Chapter 7.1, Problem 48E

Integrals of Functions Involving Absolute Values In Exercises 45–52, use integration by parts to evaluate the given integral using the following integral formulas where necessary. (You have seen some of these before; all can be checked by differentiating.)

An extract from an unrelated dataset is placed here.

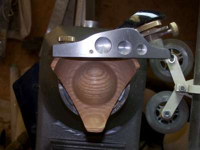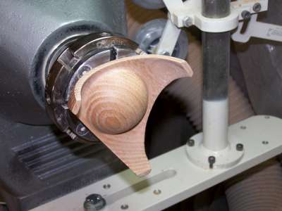 Once the shaping was complete I locked the headstock spindle with the long grain edge on top and used a block plane to plane away the chipped out edge. On this one that left one foot a bit wider than the others because the chip out was so deep. I then sanded the bottom of the piece. I was able to power sand the bottom of the candle cup but the underside of the legs is definitely a hand sanding operation.
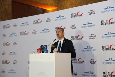 Hukukçular Derneği Genel Başkanı Avukat Cavit Tatlı konuşmasında Türkiye’de hukuk alanında yaşanan sıkıntılardan bahsederek avukatların karşılaştıkları meslekî sorunlara dikkat çekti. Bakan Gül’den, avukatlara yönelik yeşil pasaport uygulaması getirilmesini talep eden Başkan Tatlı, bu konuda bakandan yardım sözü istedi.

Integral Formula	Shortcut Version
$\begin{array}{l}{\displaystyle \int \frac{\left|x\right|}{x}dx=\left|x\right|+C}\\ \text{ Because }\frac{d}{dx}\left|x\right|=\frac{\left|x\right|}{x}\end{array}$	${\displaystyle \int \frac{\left|ax+b\right|}{ax+b}dx=\frac{1}{a}\left|ax+b\right|+C}$
${\displaystyle \int \left|x\right|dx=\frac{1}{2}x\left|x\right|+C}$	${\displaystyle \int \left|ax+b\right|dx=\frac{1}{2a}\left(ax+b\right)\left|ax+b\right|+C}$
${\displaystyle \int x\left|x\right|dx=\frac{1}{3}{x}^2\left|x\right|+C}$	${\displaystyle \int \left(ax+b\right)\left|ax+b\right|dx=\frac{1}{3a}{\left(ax+b\right)}^2\left|ax+b\right|+C}$
${\displaystyle \int x^2\left|x\right|dx=\frac{1}{4}{x}^3\left|x\right|+C}$	${\displaystyle \int {\left(ax+b\right)}^2\left|ax+b\right|dx=\frac{1}{4a}{\left(ax+b\right)}^3\left|ax+b\right|+C}$

${\displaystyle \int 3x\frac{\left|x+4\right|}{x+4}dx}$